MADRID, 16 jul. (EUROPA PRESS) -
O governo de Israel anunciou um plano conjunto de cerca de 500 milhões de shekels (mais de 145 milhões de euros) para “o combate ao crime no setor árabe” — ou seja, nas áreas de maior concentração da população árabe no país —, do qual farão parte o serviço de inteligência tradicionalmente conhecido como Shin Bet e a Polícia.
“Sob a liderança do primeiro-ministro (Benjamin) Netanyahu e dos ministros (da Igualdade Social) May Golan e (de Segurança Nacional) Ben-Gvir, a Agência de Segurança de Israel (AIS) se unirá à luta contra o crime por meio de um plano conjunto com a Polícia, financiado com aproximadamente 500 milhões de shekels”, afirma o comunicado conjunto assinado pelo primeiro-ministro e pelos dois ministros citados.

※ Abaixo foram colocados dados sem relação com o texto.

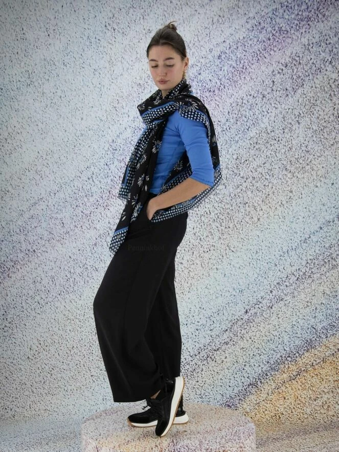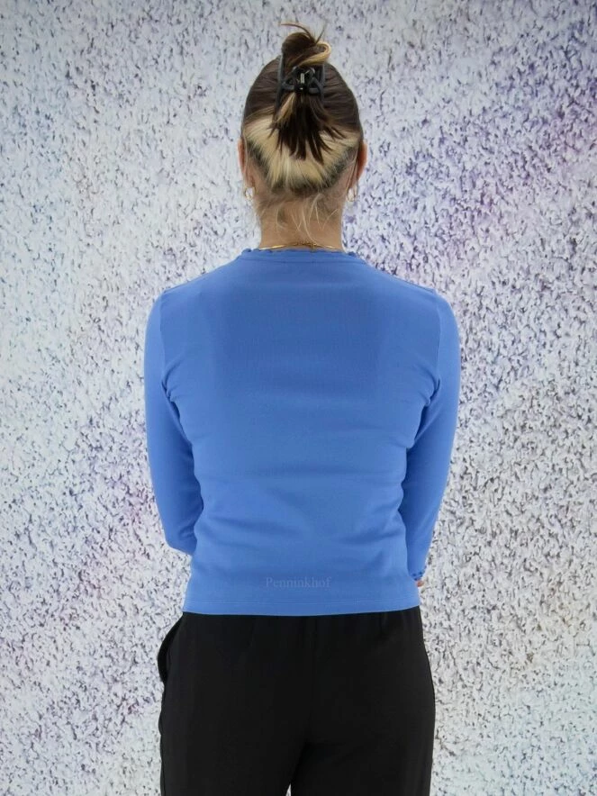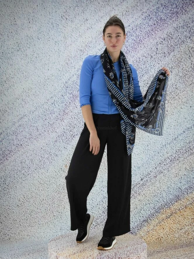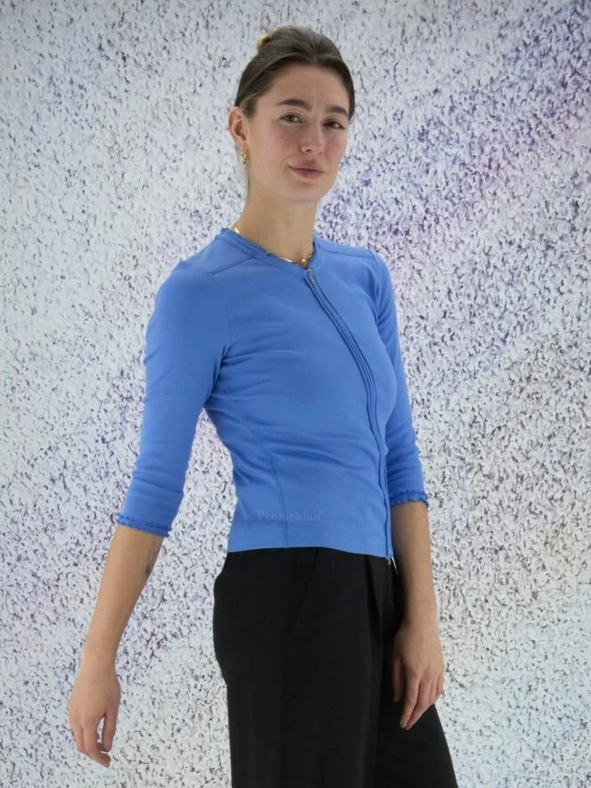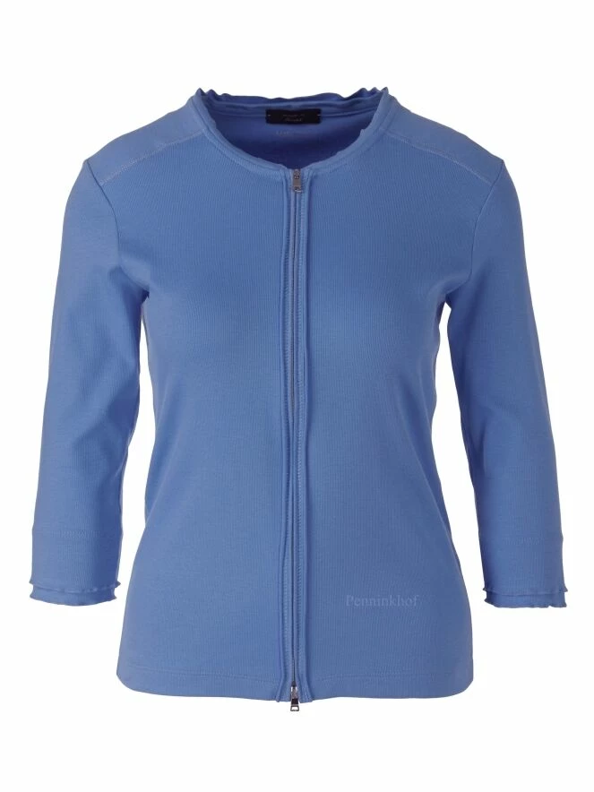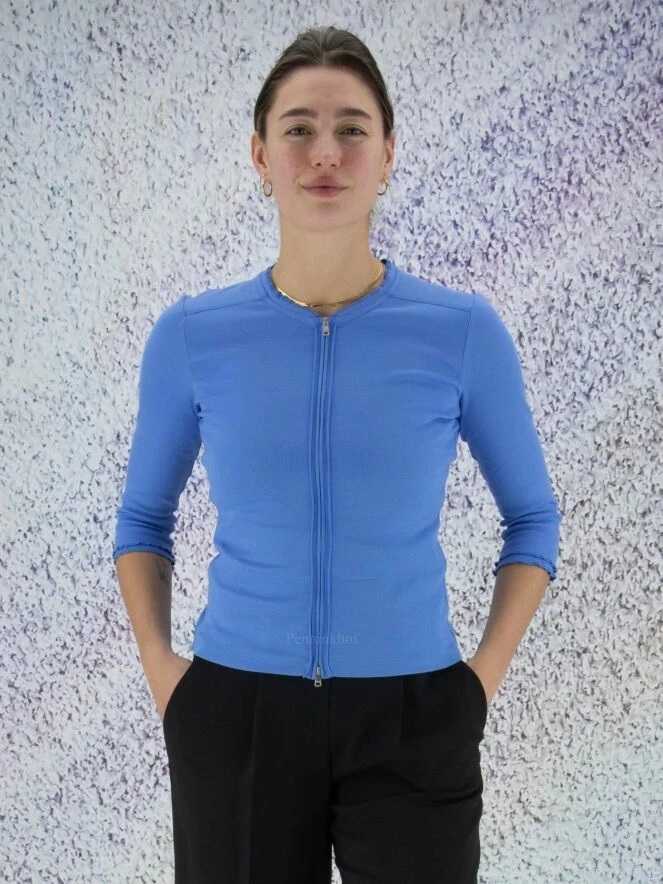 Cardigan de la marque Marc Cain, de couleur bleue. Le cardigan présente des manches trois-quart qui se finissent pas un double tissu légèrement ondulé. L’encolure ronde s’ouvre sur une fermeture Eclair à double curseur bordée d’une bande en relief lègèrement ondulé. Lavage à 30 degrés.
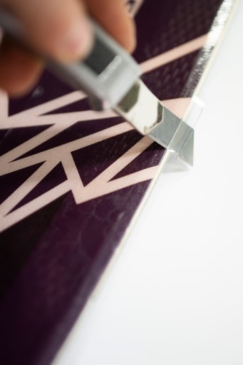 - Teraz nadszedł czas, aby przyciąć taśmę do kształtu narty za pomocą nożyka.

Especificamente, a agência anteriormente conhecida como Shin Bet receberá pouco mais de 73,3% dos recursos com o objetivo de “criar uma unidade especializada no combate ao contrabando e ao tráfico de armas, e para fortalecer suas capacidades operacionais e de inteligência”, ao que se somará, paralelamente, um “orçamento permanente de 35 milhões de shekels (10,2 milhões de euros) por ano” a partir deste mesmo ano e a criação de 130 novos cargos.
Enquanto isso, a Polícia receberá pouco mais dos 26,6% restantes do valor total do plano, quantia que será destinada à “criação de uma unidade nacional especializada no combate à criminalidade na sociedade árabe”.
NETANYAHU COMEMORA O PLANO CONTRA UMA “PRAGA NACIONAL”
Na sequência do anúncio, Netanyahu considerou “transcendental” a incorporação do Shin Bet à “luta contra a criminalidade na sociedade árabe”, um fenômeno que ele classificou como “praga nacional”.
“A combinação das capacidades de inteligência, operacionais e tecnológicas da AIS, juntamente com as atividades da Polícia”, permitirá, na visão do primeiro-ministro, “chegar aos líderes das organizações criminosas, atacar sua infraestrutura e restabelecer a segurança”.
“Não aceitaremos uma realidade de violência, extorsão e assassinatos em nossas ruas”, afirmou ele, antes de parabenizar o ultradireitista Ben Gvir e Golan, ex-integrante do partido liderado pelo próprio ministro da Segurança e frequente acompanhante dele em eventos em favor do restabelecimento de assentamentos de colonos na Faixa de Gaza ou em defesa da presença e do controle israelenses na Cidade Velha de Jerusalém.